Uitspraak
RECHTBANK OVERIJSSEL
uitspraak van de enkelvoudige kamer in de zaak tussen
[eisers], [eiser 1] en [eiser 2], allen wonende te [plaats 1], eisers,
Rechtbank Overijssel
In deze zaak heeft de Rechtbank Overijssel op 18 februari 2015 uitspraak gedaan in een geschil tussen eisers, bewoners van [plaats 1], en de burgemeester van Steenwijkerland. Eisers hebben beroep ingesteld tegen de weigering van de burgemeester om handhavend op te treden tegen de coffeeshop [Coffeeshop], die volgens hen de voorwaarden van de gedoogverklaring voor de verkoop van softdrugs zou hebben overtreden.

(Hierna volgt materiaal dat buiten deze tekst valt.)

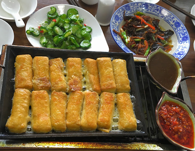 After our long walk through, it was time to warm up at lunch with some flower tea, fried tofu, glass noodles, pickled cucumbers and Malcolm’s favorite- noodle soup.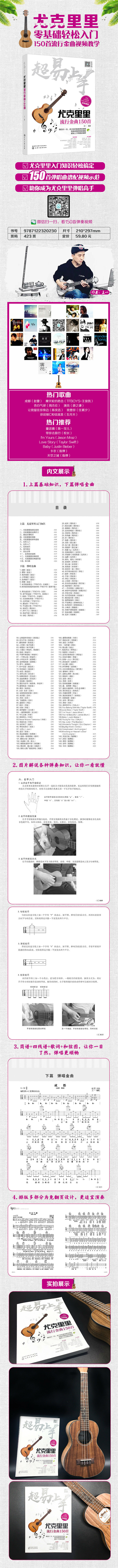 《超易上手——尤克里里流行金曲150首》上篇用简单易懂,层次分明的语言将学习尤克里里将会涉及到的乐理知识讲述;在下篇的金曲弹唱部分选了年轻人们传唱度很高的150首曲目,很多歌曲都是娱乐节目中歌星经常唱的,曲目新,旋律有亲和感,作者将150首歌曲均录制了视频,封面印刷二维码示范,能让读者更加直观的弹唱尤克里里。

De burgemeester had eerder, op 31 maart 2014, het verzoek van eisers om handhaving afgewezen, en dit besluit werd later in een bezwaarprocedure bevestigd.
Tijdens de zitting op 26 januari 2015 hebben eisers hun bezwaren toegelicht, waarbij zij stelden dat de coffeeshop de achterdeur niet alleen voor noodgevallen gebruikt, wat in strijd zou zijn met de gedoogverklaring. Ook wezen zij op overlast door hangjeugd en andere verstoringen die volgens hen aan de coffeeshop te wijten waren. De burgemeester en zijn gemachtigden hebben echter betoogd dat er geen overtredingen zijn geconstateerd en dat de controles adequaat zijn uitgevoerd.

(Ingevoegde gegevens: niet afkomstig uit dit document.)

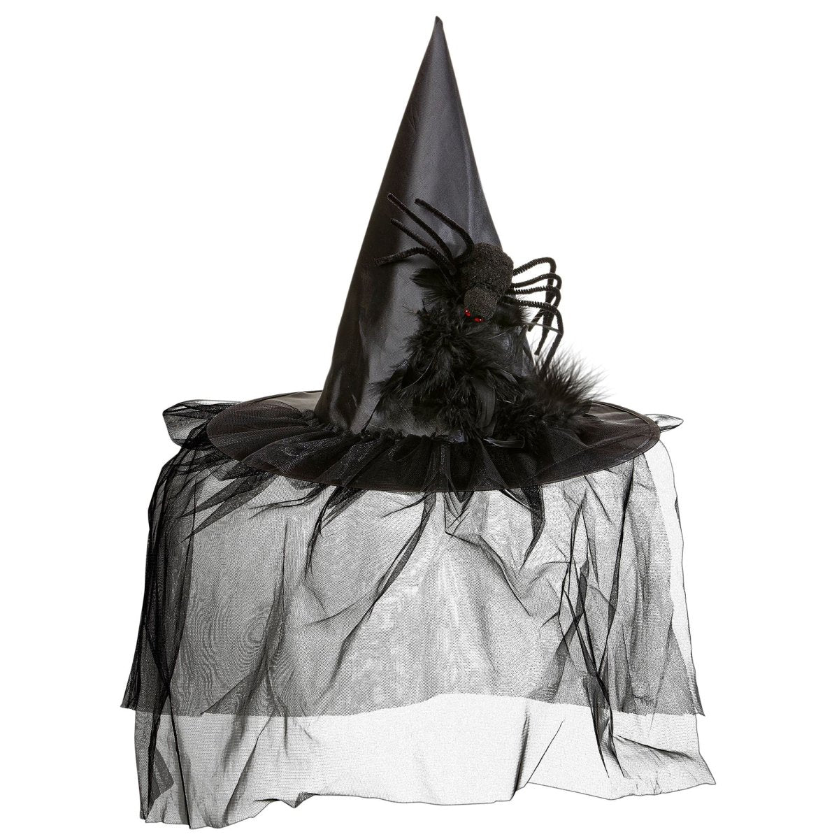 Halloweenowy kapelusz czarownicy z welonem i pająkiem

De rechtbank heeft in haar overwegingen vastgesteld dat er onvoldoende bewijs is geleverd door eisers om de gestelde overtredingen te onderbouwen. De rechtbank concludeert dat de burgemeester terecht heeft geoordeeld dat er geen overtredingen zijn geconstateerd en dat het beroep van eisers ongegrond is. De rechtbank benadrukt het belang van goede communicatie en registratie van controles door de burgemeester, maar oordeelt dat de handhaving in deze zaak niet noodzakelijk was. De uitspraak is openbaar uitgesproken en partijen zijn op de hoogte gesteld van hun rechtsmiddelen.